In its 2017 season, A&E’s Hoarders featured a woman named Sandra Cowart. The show highlighted the plight of Sandra, who had filled her stunning four-story and 31-room mansion with almost everything imaginable. Her spoils, so to speak also included pieces of furniture she found lying on the street. “What happened to A&E’s Hoarders Sandra?”
Here’s what we know about Sandra Cowart
Though she was evicted from the mansion after failing to pay back a bank loan, the new owners allowed Sandra to cull out her hoard and arranged for many of those items that would be auctioned off. Despite the fact that Sandra officially moved out of Michael and Eric’s house on October 4, 2016 (as seen in Season 3), she has yet to visit them since they finished renovating. After losing her job and finding herself unable to manage the house on account of hoarding, Sandra finally found a TV show that would give her an outlet. “I felt like people might be more helpful than just me trying to make all these decisions myself,” says Ikeda about why she chose Hoarders as opposed to other similar shows.”
A&E’s Hoarders Sandra admitted around the time of her initial episode’s airing that she was unhappy with the show’s outcome. The decorator claimed that she had yet to receive any proceeds from the auction of her belongings and that the items she had chosen to keep were not moved to the location she requested.
Alice responded to the claims by noting that Hoarders is not a transportation service. “We’re not going to move 50 years of contents piece-by-piece,” she stated. “The point of this show is to try to make people face their disorder and make some very difficult decisions.”

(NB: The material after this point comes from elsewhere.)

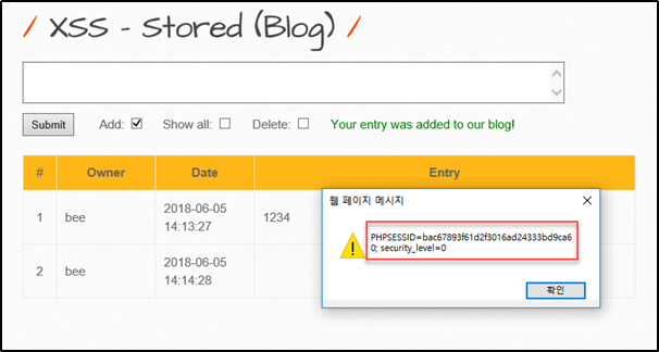 데이터를 1234를 입력해보니 추가되는 것을 확인하고 <script>alert(document.cookie)</script>를 입력해보니 쿠키 값을 보여준다.

What does the Julian Price House look like now?
Michael and Eric purchased their dream home for just $415,000. They plan to move in with their twin daughters but are offering certain rooms of the house as short-term rentals so that they can make money off it! A majority of the renovation was completed last spring in time for a Designer Showcase that benefited the nonprofit Preservation Greensboro. “It’s an honor for us to continue to create memories in this home,” Eric previously told the Greensboro News & Record. “Our overall goal is to bring back to the neighborhood what was lost.”
Sandra expressed how lucky she felt to have lived in the historic mansion over the past four decades. “If this had happened 35 years ago, I really would have been devastated,” she shared. “I’ve not allowed a single thing to be changed… Forty years, what a privilege! What an incredible opportunity!”